Not only had the average temperature been negative five degrees Fahrenheit, but until a week ago, there had also been no sun. Zero. He supposed he felt fortunate that his assignment hadn’t started until Barrow’s sixty-five days of night were over, but today had exactly two hours of sun. That’s it. Oh, and a couple of hours of what they called civil twilight, which basically meant you could walk the streets without tripping over something in front of you. It was like a lamp on in the other room in your house. You could see, just not very well.
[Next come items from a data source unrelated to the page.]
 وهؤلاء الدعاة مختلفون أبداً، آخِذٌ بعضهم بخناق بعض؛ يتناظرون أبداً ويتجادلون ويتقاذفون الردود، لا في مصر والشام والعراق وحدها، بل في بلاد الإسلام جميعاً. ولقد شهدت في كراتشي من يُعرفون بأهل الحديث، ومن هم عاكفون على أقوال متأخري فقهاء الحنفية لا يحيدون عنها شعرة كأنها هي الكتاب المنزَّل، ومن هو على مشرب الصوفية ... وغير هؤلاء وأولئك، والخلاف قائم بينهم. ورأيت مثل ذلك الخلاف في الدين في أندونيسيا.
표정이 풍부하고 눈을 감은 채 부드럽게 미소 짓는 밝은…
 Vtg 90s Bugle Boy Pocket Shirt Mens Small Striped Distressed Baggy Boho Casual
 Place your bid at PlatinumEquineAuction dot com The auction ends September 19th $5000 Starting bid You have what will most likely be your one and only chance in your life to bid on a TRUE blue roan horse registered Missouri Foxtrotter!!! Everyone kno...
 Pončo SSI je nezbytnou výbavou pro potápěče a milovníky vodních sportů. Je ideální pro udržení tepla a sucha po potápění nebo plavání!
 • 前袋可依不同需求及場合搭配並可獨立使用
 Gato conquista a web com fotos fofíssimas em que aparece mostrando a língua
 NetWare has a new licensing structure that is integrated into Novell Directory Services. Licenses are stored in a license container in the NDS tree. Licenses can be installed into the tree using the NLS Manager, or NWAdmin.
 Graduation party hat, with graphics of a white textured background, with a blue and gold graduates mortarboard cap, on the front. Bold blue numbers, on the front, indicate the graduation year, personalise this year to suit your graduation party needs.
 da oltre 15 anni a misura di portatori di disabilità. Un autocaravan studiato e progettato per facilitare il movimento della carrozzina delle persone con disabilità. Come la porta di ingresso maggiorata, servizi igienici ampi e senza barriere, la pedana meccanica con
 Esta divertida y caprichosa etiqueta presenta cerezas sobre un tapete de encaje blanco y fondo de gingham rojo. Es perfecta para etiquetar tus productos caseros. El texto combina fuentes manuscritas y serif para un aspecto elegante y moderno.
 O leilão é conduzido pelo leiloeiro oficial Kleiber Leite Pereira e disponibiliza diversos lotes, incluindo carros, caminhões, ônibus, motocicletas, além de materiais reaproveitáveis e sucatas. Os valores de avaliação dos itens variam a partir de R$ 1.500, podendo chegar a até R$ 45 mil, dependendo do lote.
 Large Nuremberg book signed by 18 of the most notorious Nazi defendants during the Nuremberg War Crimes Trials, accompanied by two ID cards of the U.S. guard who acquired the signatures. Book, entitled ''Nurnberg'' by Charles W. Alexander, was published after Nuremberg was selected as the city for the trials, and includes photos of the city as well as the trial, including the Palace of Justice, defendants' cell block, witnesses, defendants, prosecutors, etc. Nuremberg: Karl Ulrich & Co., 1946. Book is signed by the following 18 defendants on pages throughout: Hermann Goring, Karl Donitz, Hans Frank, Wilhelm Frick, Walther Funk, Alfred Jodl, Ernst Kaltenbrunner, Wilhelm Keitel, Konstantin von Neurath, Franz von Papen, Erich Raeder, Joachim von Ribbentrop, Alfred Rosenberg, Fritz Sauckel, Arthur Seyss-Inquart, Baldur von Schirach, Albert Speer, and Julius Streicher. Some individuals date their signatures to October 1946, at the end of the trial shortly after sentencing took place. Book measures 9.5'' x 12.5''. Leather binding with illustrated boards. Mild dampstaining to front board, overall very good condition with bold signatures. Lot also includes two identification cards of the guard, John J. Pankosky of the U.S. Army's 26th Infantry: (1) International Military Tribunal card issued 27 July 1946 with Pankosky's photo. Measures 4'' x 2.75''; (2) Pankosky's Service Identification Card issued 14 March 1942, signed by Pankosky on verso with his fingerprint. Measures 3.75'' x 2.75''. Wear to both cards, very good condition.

King wrapped his scarf a little tighter around his neck. He was thankful that it wasn’t as windy that night as it had been the previous six days. This was the third night in a row he’d made this walk after his day sleep due to his night shift at the Volkov Mining Company. Normally he would never leave the house if he didn’t have to in weather like this, but the weather and the days filled with night weren’t even the worst part about Barrow. The worst part was that you couldn’t buy liquor without a city-issued permit. Which meant no permit for an undercover special agent like King. He obviously wouldn’t be going to the police station to obtain that permit under any circumstance, because he had to keep his head down and do his work. He also prayed to the gods that he wouldn’t be there in Frozen Land long enough to really need it.